The mother of five said her children were against the idea, especially her youngest Clay, 12.
“I used to feel very strongly about facelifts. Not casually — morally. I had assigned myself as head of all women who would never — ever,” wrote O’Donnell.
“I thought it was a betrayal. Of feminism. Of ageing. Of our team of women worldwide. And then I lost 50 pounds (23 kilograms) …
“It wasn’t wrinkles — it was gravity. I’d look in the mirror and think — this isn’t ageing, this is melting with intention.
“I tried to be evolved about it and say things like, ‘This is natural. This is earned’.
And then… ‘umm how earned does it have to look?’.
“There’s a point where acceptance starts to feel like lying.”

Rosie O’Donnell at an event in Los Angeles in 2024. Photo: AAP
O’Donnell started gathering information about facelifts, even while her children discouraged her with comments like: “You earned your wrinkles” and “I wouldn’t be able to respect you if you did it”.
“It threw me — it really did.
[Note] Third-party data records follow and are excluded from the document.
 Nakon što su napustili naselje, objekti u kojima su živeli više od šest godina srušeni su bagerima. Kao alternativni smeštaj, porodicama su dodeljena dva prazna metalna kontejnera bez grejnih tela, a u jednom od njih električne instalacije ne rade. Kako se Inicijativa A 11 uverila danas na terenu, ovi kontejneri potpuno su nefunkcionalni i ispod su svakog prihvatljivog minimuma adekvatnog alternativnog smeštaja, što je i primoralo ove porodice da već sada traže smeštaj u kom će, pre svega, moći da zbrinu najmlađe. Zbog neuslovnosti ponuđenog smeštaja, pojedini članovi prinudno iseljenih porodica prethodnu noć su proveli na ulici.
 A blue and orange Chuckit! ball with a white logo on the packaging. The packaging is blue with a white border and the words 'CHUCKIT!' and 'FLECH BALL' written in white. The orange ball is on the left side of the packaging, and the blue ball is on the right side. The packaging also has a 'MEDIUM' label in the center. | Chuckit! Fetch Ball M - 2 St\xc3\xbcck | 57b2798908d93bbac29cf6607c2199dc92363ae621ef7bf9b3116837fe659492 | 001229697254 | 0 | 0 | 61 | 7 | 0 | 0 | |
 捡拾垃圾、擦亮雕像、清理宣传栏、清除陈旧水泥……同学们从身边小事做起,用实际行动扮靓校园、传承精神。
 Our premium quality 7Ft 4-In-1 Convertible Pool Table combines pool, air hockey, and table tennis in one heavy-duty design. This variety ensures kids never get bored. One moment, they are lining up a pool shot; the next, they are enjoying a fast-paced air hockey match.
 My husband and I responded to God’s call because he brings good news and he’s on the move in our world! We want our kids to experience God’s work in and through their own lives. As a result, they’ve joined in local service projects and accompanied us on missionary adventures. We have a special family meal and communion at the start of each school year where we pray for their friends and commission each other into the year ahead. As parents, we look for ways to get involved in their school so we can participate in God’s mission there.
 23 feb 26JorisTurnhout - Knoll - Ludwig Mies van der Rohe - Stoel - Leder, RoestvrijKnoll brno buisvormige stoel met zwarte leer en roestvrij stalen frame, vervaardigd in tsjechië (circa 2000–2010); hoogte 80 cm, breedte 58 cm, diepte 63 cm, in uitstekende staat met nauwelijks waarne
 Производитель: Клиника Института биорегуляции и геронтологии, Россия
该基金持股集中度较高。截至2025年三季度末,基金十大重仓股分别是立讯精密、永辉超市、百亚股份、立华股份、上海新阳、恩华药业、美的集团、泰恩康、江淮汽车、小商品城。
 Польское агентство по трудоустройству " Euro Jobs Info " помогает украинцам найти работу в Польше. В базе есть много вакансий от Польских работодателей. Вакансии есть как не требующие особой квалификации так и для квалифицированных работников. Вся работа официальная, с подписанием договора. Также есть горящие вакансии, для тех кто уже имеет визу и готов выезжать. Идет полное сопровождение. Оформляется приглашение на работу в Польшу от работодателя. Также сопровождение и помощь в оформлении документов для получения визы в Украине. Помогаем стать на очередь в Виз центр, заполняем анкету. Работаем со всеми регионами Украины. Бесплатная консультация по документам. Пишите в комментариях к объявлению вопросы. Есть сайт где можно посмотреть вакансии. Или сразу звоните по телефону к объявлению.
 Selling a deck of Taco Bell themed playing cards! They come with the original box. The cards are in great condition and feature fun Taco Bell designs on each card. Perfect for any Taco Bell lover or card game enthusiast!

I delayed the whole thing for months, changing my mind talking to friends just sitting with it, thinking,” she wrote.
“Then I had this quiet realisation … if I’m teaching Clay anything, it can’t be that my body belongs to an idea either. Even a good idea. Even feminism.
“Because that’s still not freedom — that’s just a different authority telling you what you’re allowed to do with your own face
“I want them to grow up in a world where they don’t feel like they have to change but also knows they can, if they want to, without losing moral standing in their own life.”
So in January she did it.
“I found a doctor I trusted — who had worked on friends of mine who all still looked like themselves, just like they had recently been told good news.”
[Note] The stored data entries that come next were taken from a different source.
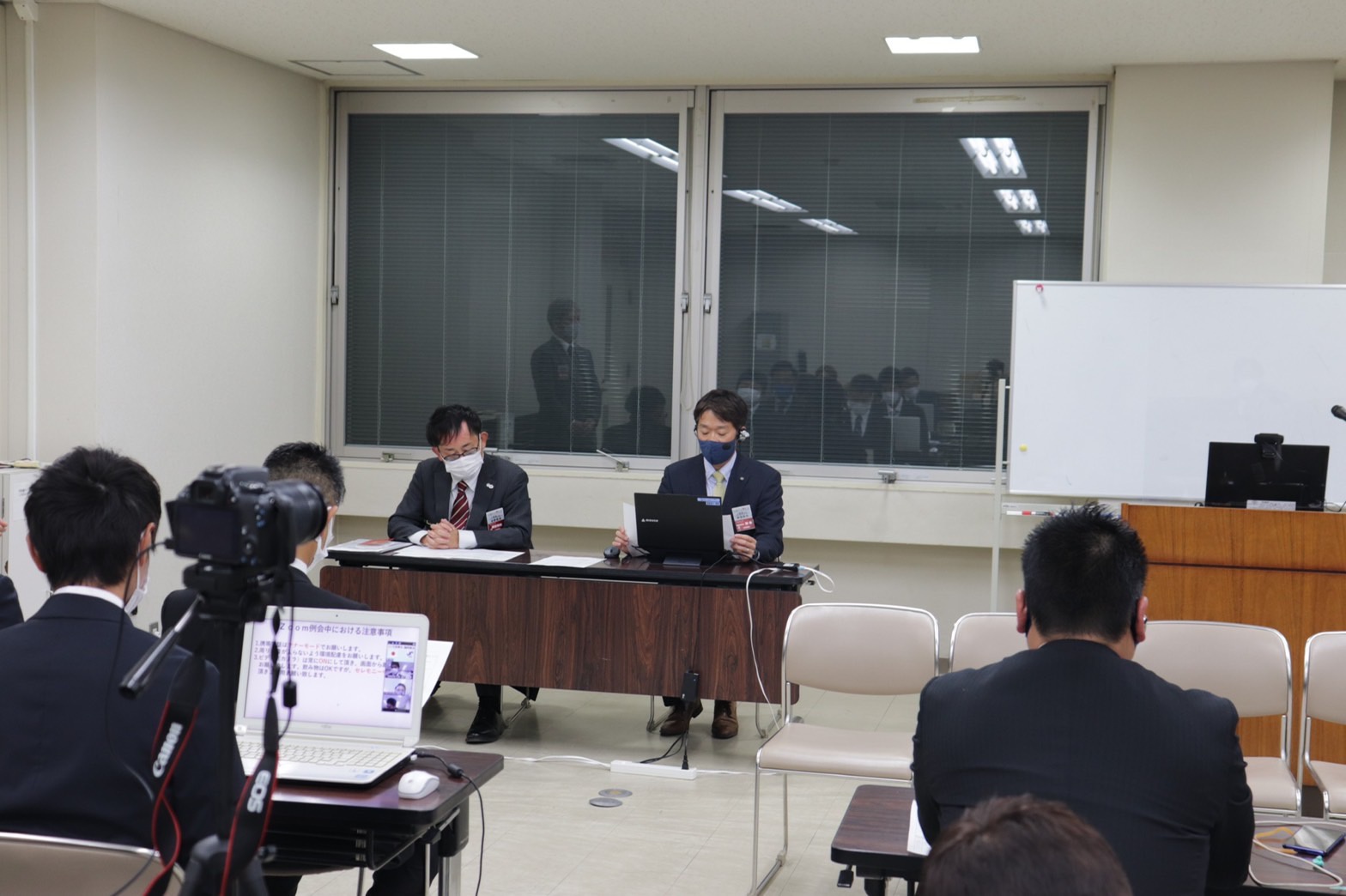 11月16日(火)、防府商工会議所青年部11月度例会で、臨時総会が行われました。9月の臨時総会と同様、新型コロナウイルス感染拡大防止のあめ、オンライン上でミーティングができるウェブ会議システム「Zoom」を用いての開催となりました。防府商工会議所4階研修室に役員、総務研修委員会が集まって運営し、他の青年部メンバーはオンライン出席でした。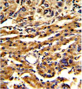 Formalin-fixed and paraffin-embedded human hepatocarcinoma reacted with ABCG1 Antibody (Center), which was peroxidase-conjugated to the secondary antibody, followed by DAB staining. This data demonstrates the use of this antibody for immunohistochemistry; clinical relevance has not been evaluated. |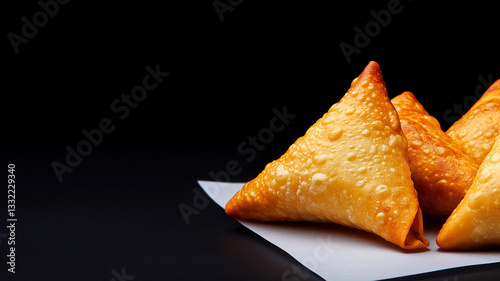 Crispy golden samosas on white paper against dark background, showcasing their delicious texture and shape. Perfect for appetizers or snacks

O’Donnell said “it worked”.
“I wanted to still be me, just … less haunted. And it worked — I do look like me. A slightly more well-rested emotionally stable version of me. I’m quite pleased with the whole thing
“Guess what — no one has noticed. Not one person. Not a friend, not a stranger, not even people who owe me compliments
“My teenager has not said a word. Nothing.
“I went through a full existential feminist crisis, had my face and neck surgically altered, and the result is … zippo .
“Which honestly is the best possible outcome. I didn’t disappear, I didn’t become someone else — I just stopped arguing with the mirror.
“Maybe that’s enough. Or at the very least … it’s what a lower deep plane facelift looks like when it minds its own business.”